Adjustable acoustic. Device operates as follows. The electric signal supplied to the input transducer 5 of the main acoustic channel excites an acoustic wave propagating through the sound duct 1. The acoustic stream of the input transducer 5 crosses the band domain 2 located in the acoustic channel and enters the output transducer 6. Here, the acoustic wave is converted back to electrical signal. The output parameter, for example, the delay time, is regulated by supplying an electric voltage of the corresponding polarity from the regulated electric voltage source 10 to the control electrodes 9. An application to the control electrodes 9 of an electric voltage that exceeds some characteristic of the material Zvukovoda 1 coefficient value, is accompanied by the movement of the PDG 3 located in the area of placement of the control electrodes 9. The direction of movement of the PDG 3 is uniquely determined a polarity of the applied voltage. In this case, the PDG 3 moves parallel to itself by a distance proportional to the magnitude and time of applying the voltage to the control electrodes 9. Changing the application of PDG 3 also changes the width of the strip domain 2, and since the propagation velocities inside and outside of domain 2 are different,

the delay time of the output signal also changes.

Achieving a predetermined value of a controlled parameter in a variable acoustoelectronic device is carried out using negative feedback for changing the width of strip domain 2 by changing the position of PDG 3. The feedback circuit is formed by input 7 and output 8 IDT SAW forming. the auxiliary hush channel, a control signal generating unit 11, a reference signal generator 12 and an adjustable source of electrical voltage 5.

The operation of the feedback loop is as follows.

The signal of the reference generator 12 is supplied to the input 7 of the IDT SAW of the auxiliary channel. The surfactant excited by IDT 7 propagates through sound path 1 within the range of band domain 2 and enters the output 8 of IDT SAW. The signal from the output 8 of the IDT SAW auxiliary is fed to the input of the control signal generating unit 11, which compares the set signal with the signal level at the output of the auxiliary acoustic channel and

0 generating a control output signal in accordance with the value of the error signal. The implementation of PDG 4 stationary and its location outside the area of placement of the control electrodes 9 provides

5, the amplitude of the signal from the output IDT SAW 8 of the auxiliary acoustic channel corresponds unambiguously to the position of the PDG 3 located in the area of the auxiliary channel. Really,

0 since the auxiliary acoustic channel formed by the input 7 and output 8 of the IDT SAW is entirely located in the region. changes in the width of the strip domain 2, then PDG 3 is constantly within

5 apertures of input 7 or output 8 of IDT SAW.

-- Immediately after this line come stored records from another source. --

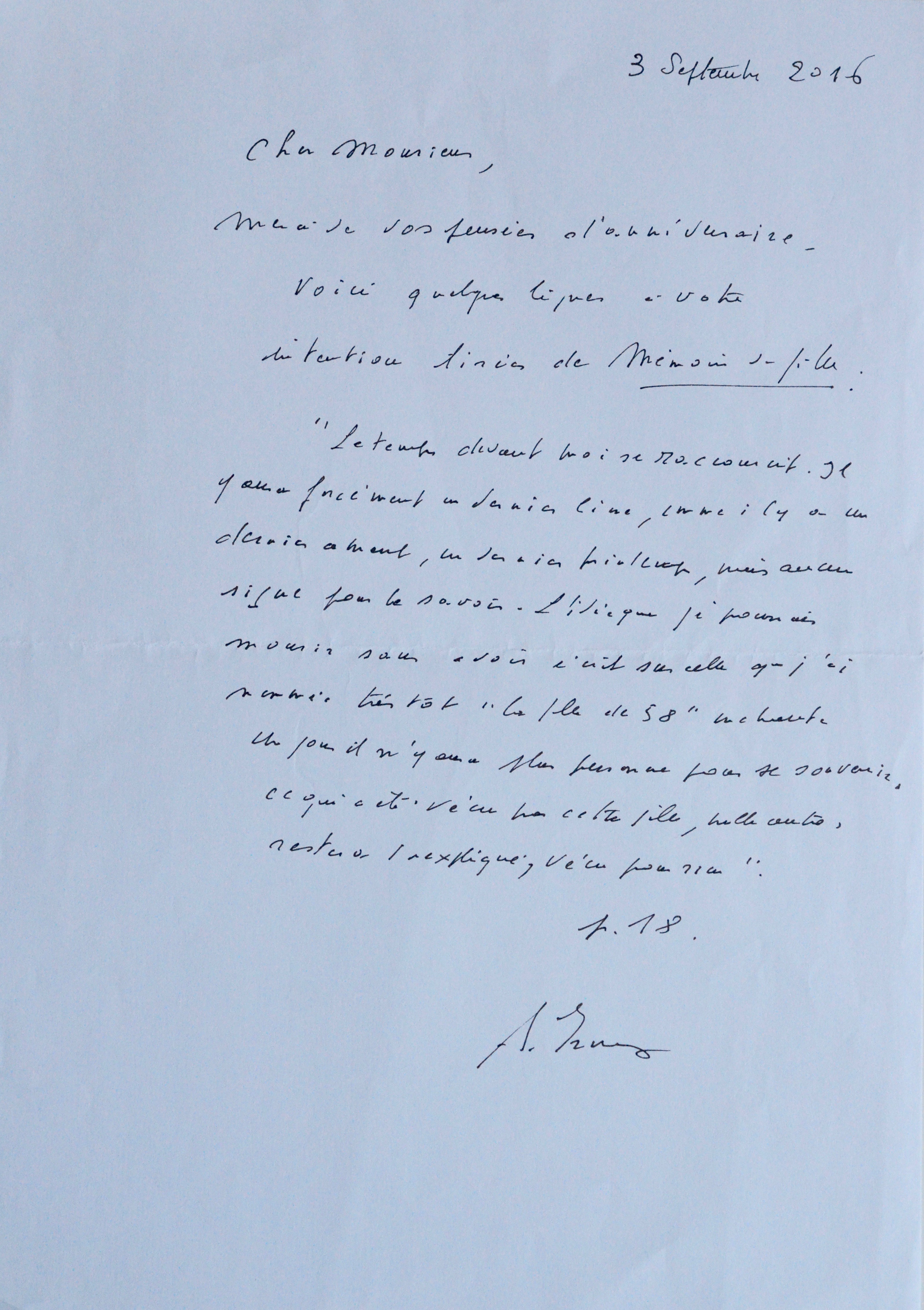 "Cher Monsieur, Merci de vos pensées d'anniversaire. Voici quelques lignes à votre intention tirées de Mémoire de fille :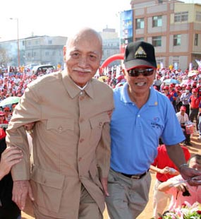 酷似蔣介石的李登科,成為臺灣吸引大陸觀光客的新武器。圖為李登科(中)2009年在金門為縣長參選人李沃士輔選時,民眾爭相目睹他風(fēng)采的情形。圖片來源:“中央社”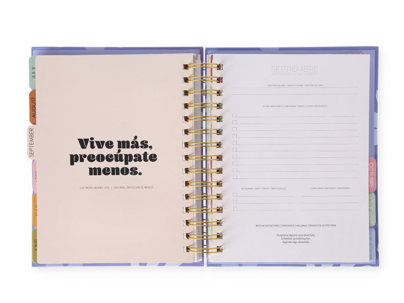 - Toques finales: Encuadernación resistente porque sabemos que tu vida es intensa pero organizada.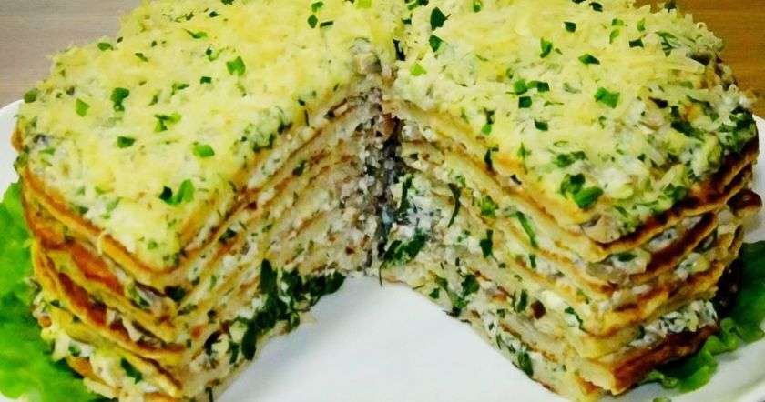 Ставь на плиту сковороду, смажь ее маслом и потихоньку начинай выпекать основу — блинчики, из которых позже соберешь пирог. Их должно получится 7 или 8. Обжаривай их с обеих сторон до готовности. Ставь их остывать и займись начинкой. Натри на терке огурцы и выжми жидкость. Так же натри оливки и плавленый сыр.

The movement of PDG 3 within the area of placement of the control electrodes 9 changes the total ratio of apertures

0 IDT SAW of the auxiliary channel, located on opposite sides of the PDG 3, separating domains of opposite polarity, characterized by different values of the coefficients of electro5 mechanical communication, that is, different efficiency of converting the input signal to the SAW and vice versa in a given direction. For example, the leftmost position of PDG 3 in Figs. 1 and 2 corresponds to the maximum value of the signal amplitude

Claims (1)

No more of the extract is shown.